An object navigation device is used to track the motion of, for example, a finger or fingerprint. Fingerprint navigation is done by illuminating the finger or fingerprint and tracking its motion across an object surface. As the finger moves across the surface, the motion is detected as a difference of two images recorded by an image sensor over a relatively short time frame. The light reflected by the illuminated finger passes through one or more optical lenses, for example, to change the magnification factor of the image. However, the use of optical lenses results in aberrations, comas, or other image distortion, in particular at the edges of the image. An aperture, or central stop, can be used to correct the aberrations, or distortion, as the light passes through the lenses.
FIG. 1 depicts a conventional air lens structure 10. In particular, the air lens structure 10 is a structure with an immersed medium separating a pair of transmissive surfaces. The air lens structure 10 includes an object surface 12 and an image surface 14. The air lens structure 10 also includes a first portion 24 with a first transmissive surface 16 and a second portion 26 with a second transmissive surface 18. The first transmissive surface 16 and the second transmissive surface 18 are separated by a converging air lens 22, which refracts light at the interfaces with the first and second transmissive surfaces 16 and 18. An aperture or central stop 20 is disposed in the air lens 22 between the first transmissive surface 16 and the second transmissive surface 18. Light reflected by an object at the object surface 12 passes through the first portion 24 and into the air lens 22, which projects the light through the aperture stop 20. The aperture stop 20 controls aberrations from the image as the light travels out of the air lens 22 and into the second portion 26 where the light is focused onto the image surface 14.

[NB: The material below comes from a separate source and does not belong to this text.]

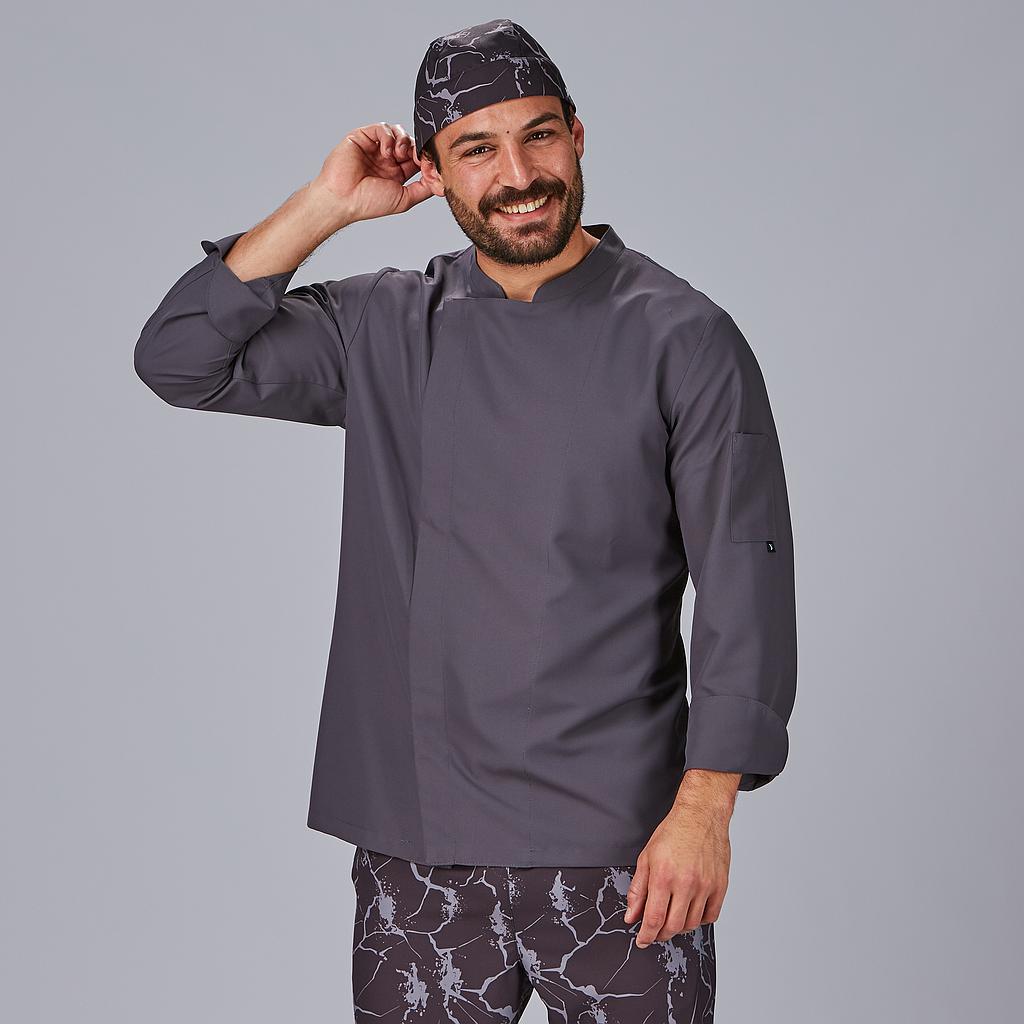 La chaqueta de cocina de hombre VIDAL presenta un diseño elegante con manga larga, cuello mao, y cierre cruzado mediante botones de presión ocultos. El cuello mao le brinda un toque distintivo de estilo mientras que los puños vueltos añaden comodidad y un ajuste seguro.

The conventional air lens structure 10 has two separate portions 24 and 26 and an embedded aperture stop 20 within the immersed air lens 22. This configuration of the conventional air lens structure 10 consumes a significant amount of space because of the linear alignment of the optical components, as well as the space required for the insertion of the aperture stop 20 to achieve the desired effect of controlling aberrations in the resulting image. The size of the conventional air lens structure 10 restricts the ability to use the structure in different applications. Additionally, embedding the aperture stop 20 between the first and second transmissive portions 24 and 26 complicates the manufacturing process and, hence, increases cost because the first and second portions 24 and 26 are typically manufactured as separate pieces and are then assembled together.